§ TASK BRIEF:
An exact transcription of the listing, without its images, is what the answer must contain.

AVAILABLE DATA below:

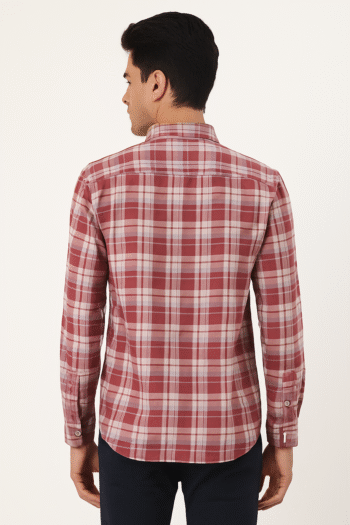 Men’s Maroon & White Checked Casual Shirt
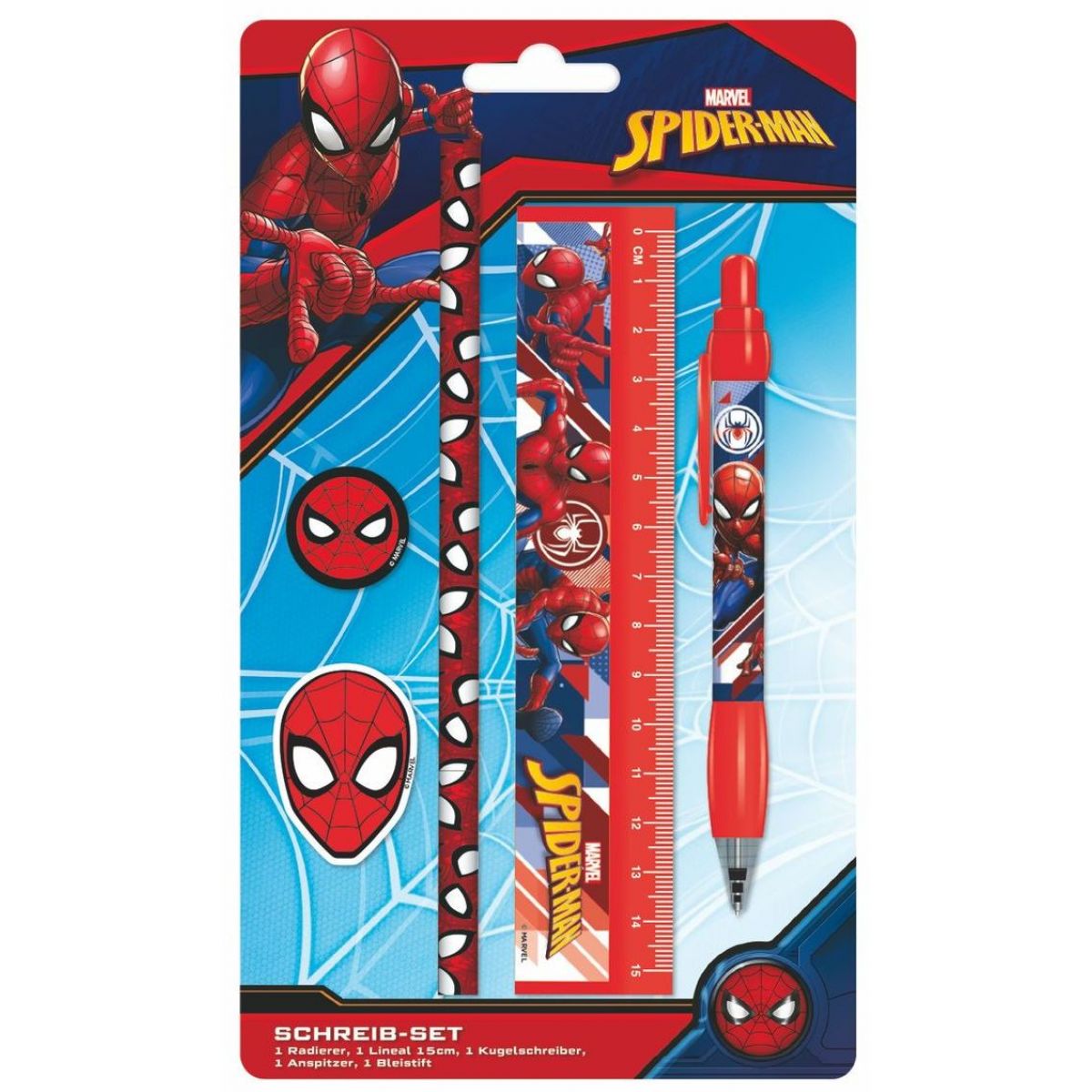 Školní set pomůcek každodenního využití je vyrobený v licenci Spiderman.
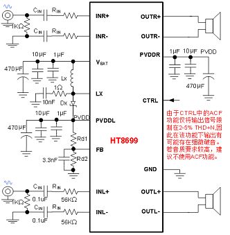 HT8699具有AB類和D類的自由切換功能,在受到D類功放EMI干擾困擾時,可隨時切換至AB類音頻功放模式。
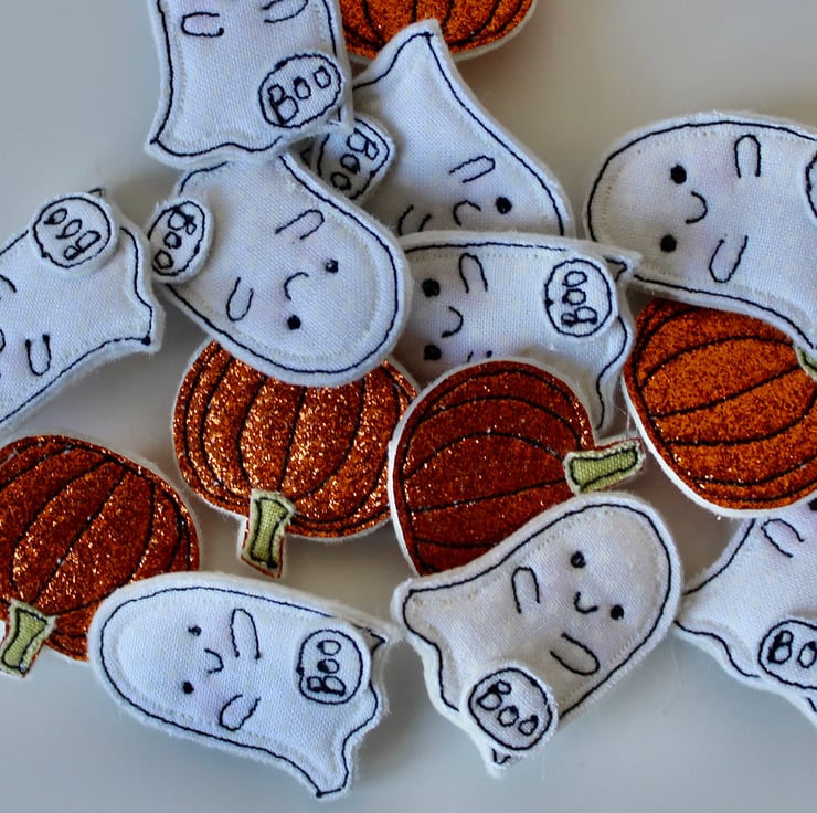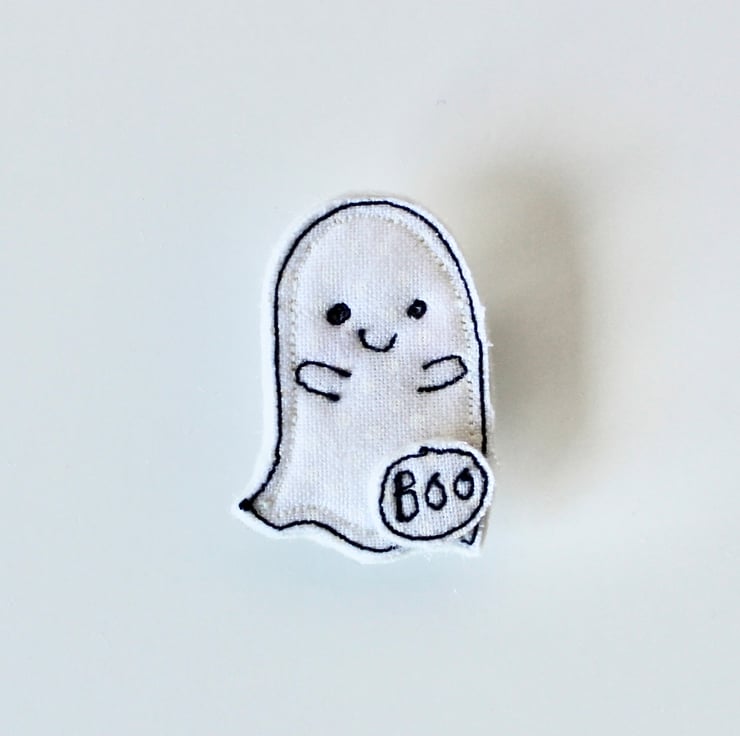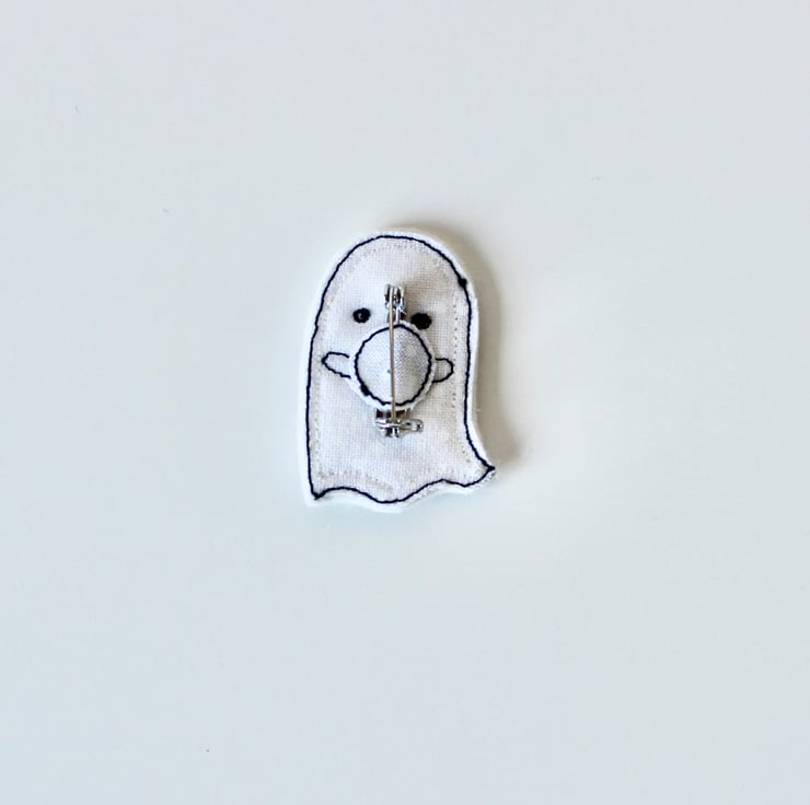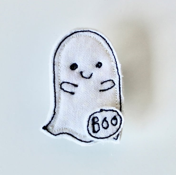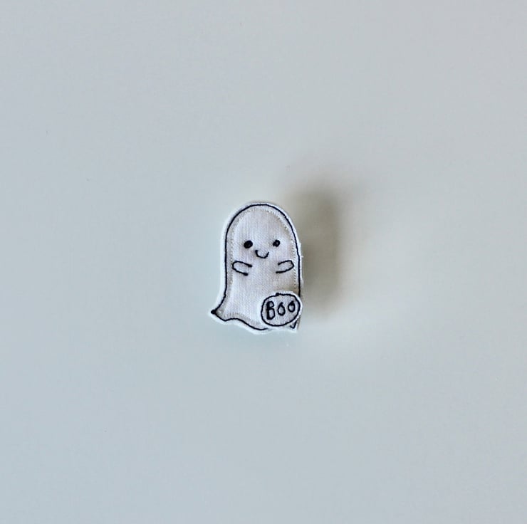 Each 'Boo Ghost' brooch is created using multiple layers of cloth and freehand machine embroidery which are then cut out by hand using very sharp scissors. The pin on the back is attached with hot glue and a sewn fabric circle to secure.

End of AVAILABLE DATA.

§ WRITTEN RESPONSE:
 Men’s Maroon & White Checked Casual Shirt
 Školní set pomůcek každodenního využití je vyrobený v licenci Spiderman.
 HT8699具有AB類和D類的自由切換功能,在受到D類功放EMI干擾困擾時,可隨時切換至AB類音頻功放模式。
 Each 'Boo Ghost' brooch is created using multiple layers of cloth and freehand machine embroidery which are then cut out by hand using very sharp scissors. The pin on the back is attached with hot glue and a sewn fabric circle to secure.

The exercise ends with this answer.